■ Data provided ■
= = = =

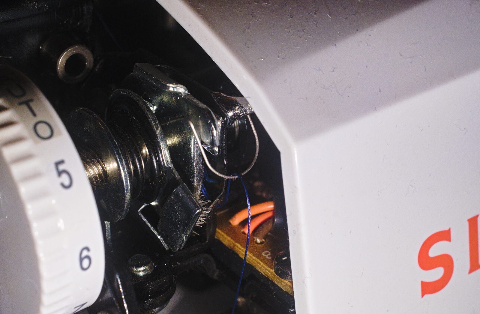 An internet search turned up very little. A few people reported the same problem as mine, "runs a few stitches, beeps and quits". The consistency of the problem made it sound like it might be something in the electronic control system. I was inclined to believe it was a board, which I certainly couldn't fix. A couple of times I almost gave up and decided to give it to the mechanic at Triad Sew & Vac to part out or fix and donate. But after a few days I took a final look and noticed that what serves for a take-up spring looked bent or out of place. Close inspection showed that it had come unhooked on one end, and once I got it hooked back in place, the machine started sewing.
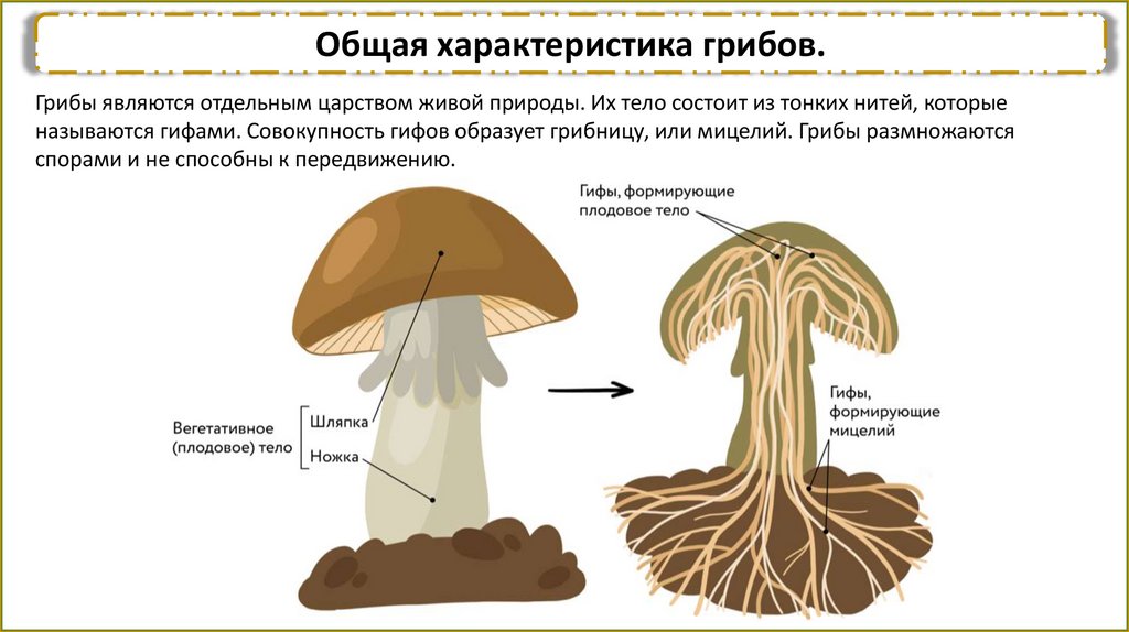 Общая характеристика грибов.Грибы являются отдельным царством живой природы. Их тело состоит из тонких нитей, которые
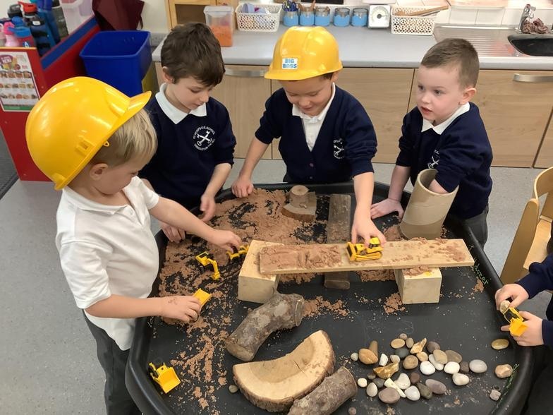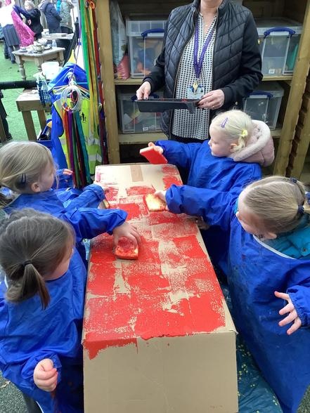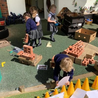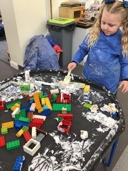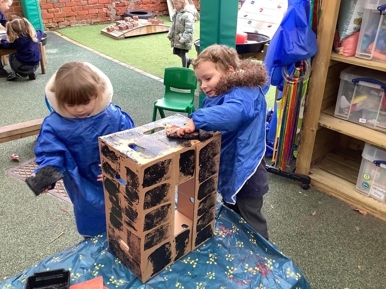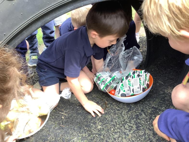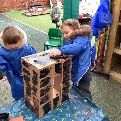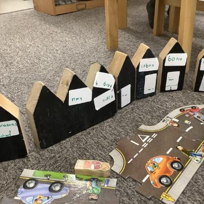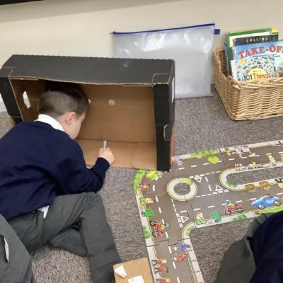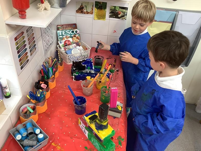 The children have had great fun building boats, trains and monster trucks outside! It is great for their physical development but also encourages team work, cooperation and some wonderful vocabulary. Inside we made a town for our cars to travel around. The children labelled the buildings and even made a fruit box car wash! Remember to ask your children what they have been learning about - they might surprise you with just how much they know and remember.

= = = =

■ Exercise aim ■
Restate the material above exactly. Exclude all pictures.

■ Completed exercise ■
 An internet search turned up very little. A few people reported the same problem as mine, "runs a few stitches, beeps and quits". The consistency of the problem made it sound like it might be something in the electronic control system. I was inclined to believe it was a board, which I certainly couldn't fix. A couple of times I almost gave up and decided to give it to the mechanic at Triad Sew & Vac to part out or fix and donate. But after a few days I took a final look and noticed that what serves for a take-up spring looked bent or out of place. Close inspection showed that it had come unhooked on one end, and once I got it hooked back in place, the machine started sewing.
 Общая характеристика грибов.Грибы являются отдельным царством живой природы. Их тело состоит из тонких нитей, которые
 The children have had great fun building boats, trains and monster trucks outside! It is great for their physical development but also encourages team work, cooperation and some wonderful vocabulary. Inside we made a town for our cars to travel around. The children labelled the buildings and even made a fruit box car wash! Remember to ask your children what they have been learning about - they might surprise you with just how much they know and remember.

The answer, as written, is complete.